[PROVIDED MATERIAL Boundary: Start]

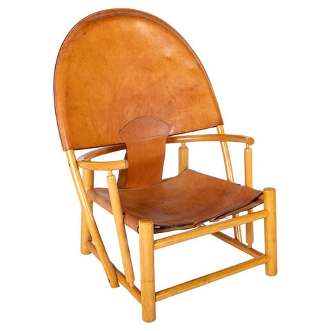 Oversized and huge on character and style this G23 Hoop chair design by Piero Palange and Werther Toffoloni for Germa is truly a masterpiece. An elegant curvacious solid maple frame combined with beautifully patinated leather seat. A beautiful specimen. The chair is solid and in excellent condition, it has lots of age appropriate patina on the leather and the wood that add to its beauty, see pictures for details.
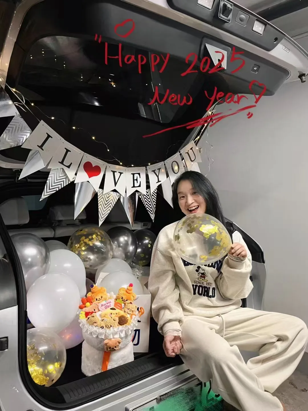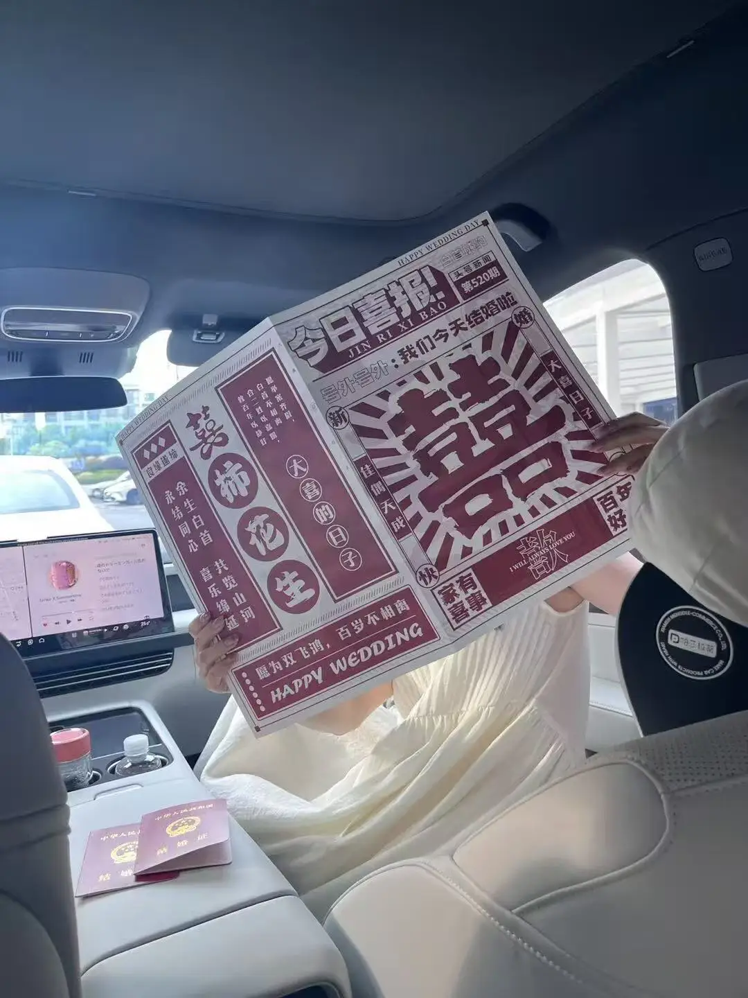 2024年的阳光格外温柔,我们揣着新鲜热乎的红本本,再次坐进熟悉的驾驶座。从民政局到回家的路,小鹏G6的智能导航轻声指引,车载香薰飘着淡淡的柑橘味,就像我们的心情,清甜又安稳。这一年的跨年夜,我们把后备箱变成了专属摄影棚,铺上台布、摆上气球,借着城市的霓虹与车灯,拍下后备箱的大空间稳稳装下了我们的欢笑与对新年的期许。
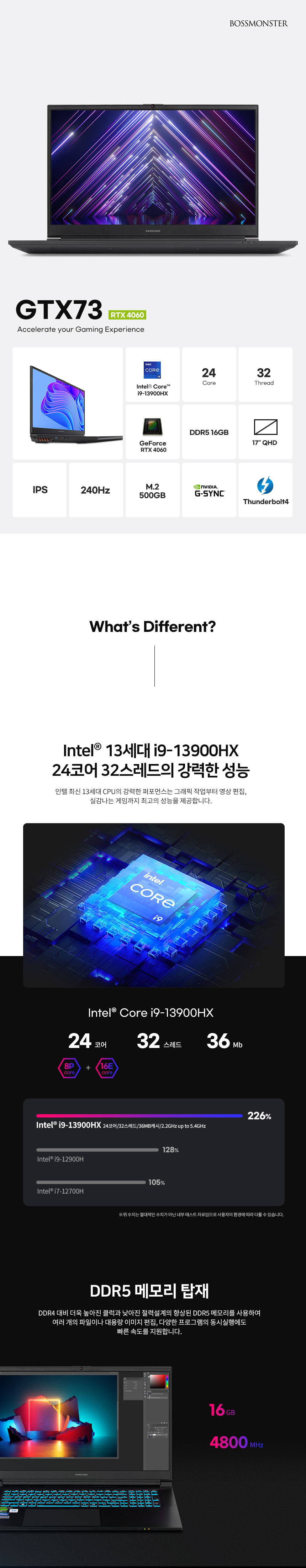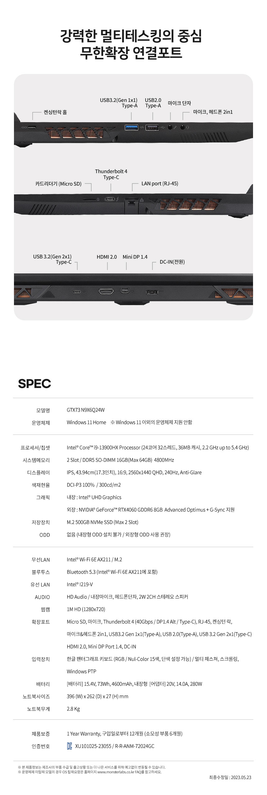 | 제품 주요 사양 | i9-13900HX/RTX4060/DDR5 16GB/SSD NVMe 500GB/Win 11 | 크기,무게 | 상품설명 참조 |

[PROVIDED MATERIAL Boundary: End]

_DESCRIPTION OF THE TASK_: Exactly repeat every line from the line that includes "2024年的阳光格外温柔,我" to the end of the listing, and nothing else, leaving pictures out.

_FINAL ANSWER_:
 2024年的阳光格外温柔,我们揣着新鲜热乎的红本本,再次坐进熟悉的驾驶座。从民政局到回家的路,小鹏G6的智能导航轻声指引,车载香薰飘着淡淡的柑橘味,就像我们的心情,清甜又安稳。这一年的跨年夜,我们把后备箱变成了专属摄影棚,铺上台布、摆上气球,借着城市的霓虹与车灯,拍下后备箱的大空间稳稳装下了我们的欢笑与对新年的期许。
 | 제품 주요 사양 | i9-13900HX/RTX4060/DDR5 16GB/SSD NVMe 500GB/Win 11 | 크기,무게 | 상품설명 참조 |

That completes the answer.